BANYAK grup band, duo atau trio yang diam-diam tanpa ada kabar berita sudah bubar, atau setidaknya vakum. Beda dengan duo musisi dari Bali, Pygmy Marmoset (Pygmos). Sebelum “resmi” vakum, Pygmos justru berkabar kepada orang-orang yang menikmati musik mereka. Tak hanya itu, mereka bahkan merilis satu mini album khusus sebagai ‘kenang-kenangan’ sebelum menghilang dari riuh rendah panggung musik.
PYGMOS yang digerakkan duo Sanjay dan Zenith memang memutuskan untuk vakum, seiring dengan hijrahnya Zenith ke Jerman mengikuti sang suami. Kabar bahwa Pygmos akan mengalami hibernasi panjang, justru memancing ide kreatif orang-orang di sekitar mereka. Atas dorongan sahabat-sahabat dan tim kreatif pula, sebagai tanda ‘perpisahan’, duo yang sudah satu padu baik dalam berkarya maupun penampilan ini akhirnya memutuskan untuk merekam dua lagu baru, “Unknown World” dan “Fight Me Under The Hill”. Menyertainya, satu lagu yang sudah pernah ada di album sebelumnya, “Kuko The Bird”.
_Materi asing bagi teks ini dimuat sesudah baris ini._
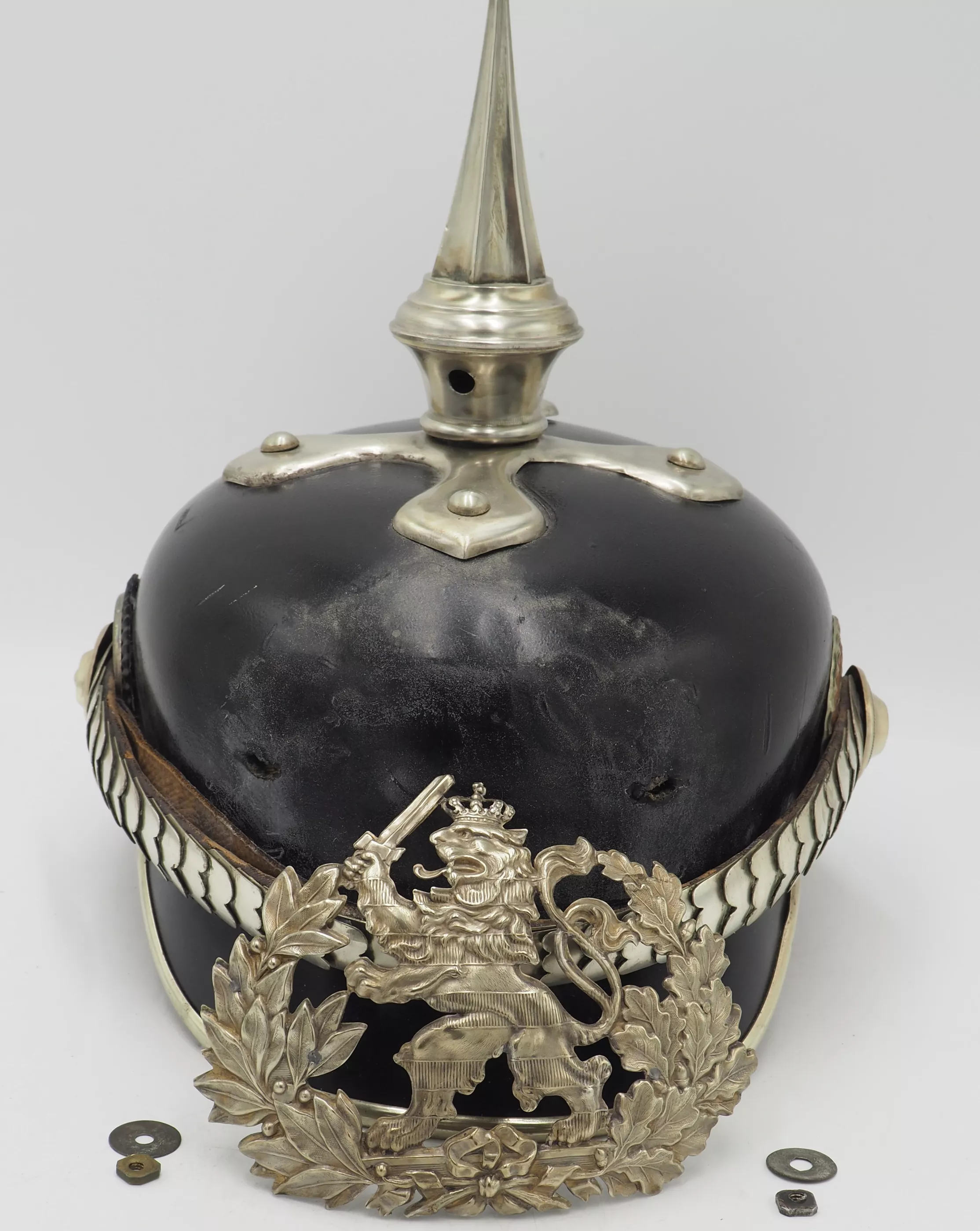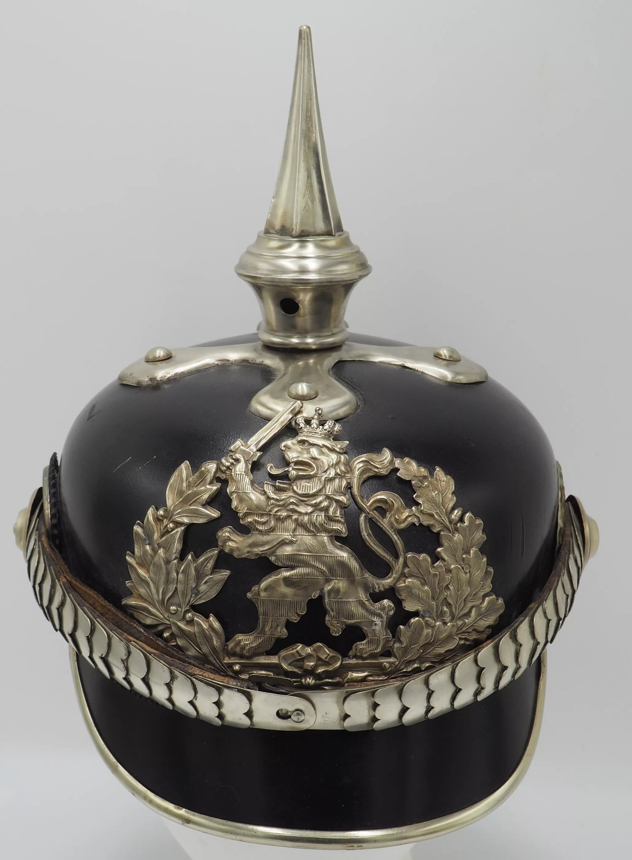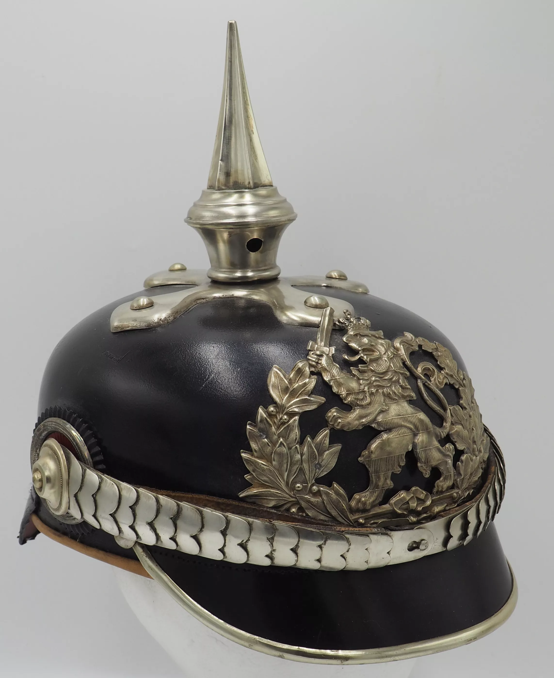 Silver metal trim is very shiny but has been left uncleaned. The frontplate is the wreathed Hessen Lion in silver metal wreath. Hessen style cross base mounted with silver domed retainers. Unique tall Hessen style fluted spike. Rounded silver chinscales on silver rosettes. Impressive and Rare Elite regimental helmet. This helmet will be nearly impossible to upgrade.

Apakah sudah cukup sebegitu saja? Pygmos memang beda, kalau takbisa disebut musisi yang benar-benar kreatif. Jika album pertama “Kabar dari Hutan” yang dirilis tahun 2014 dikemas seperti surat bersampul, maka album rekaman kedua ini sepaket dengan sandiwara radio, lengkap dengan buku naskah bergambar, dengan judul “Legenda Ksatria Kuko”.
“Jadi berdasarkan isi tiga lagu di album ini, dibuatlah satu cerita sandiwara radio. Naskahnya dikerjakan Agung Yudha, sedang sandiwara radionya direkam oleh Teater Kini Berseri,” jelas Sanjay kepada mybalimusic.com.
Tak berhenti sampai di sana, sebuah acara pementasan “Legenda Ksatria Kuko” digelar akhir bulan lalu, sekaligus sebagai konser “terakhir” Pygmos sebelum keberangkatan Zenith ke Jerman. Menariknya lagi, “Legenda Ksatria Kuko” sebagai album khusus Pygmos, hanya diproduksi sebanyak 100 paket saja. Bukan karena masalah modal produksi, pun bukan karena tak yakin kalau akan ada yang lebih banyak penasaran dengan album ini, namun menurut Sanjay, justru mereka ingin menjadikan album kedua Pygmos tersebut benar-benar sebagai sesuatu yang spesial.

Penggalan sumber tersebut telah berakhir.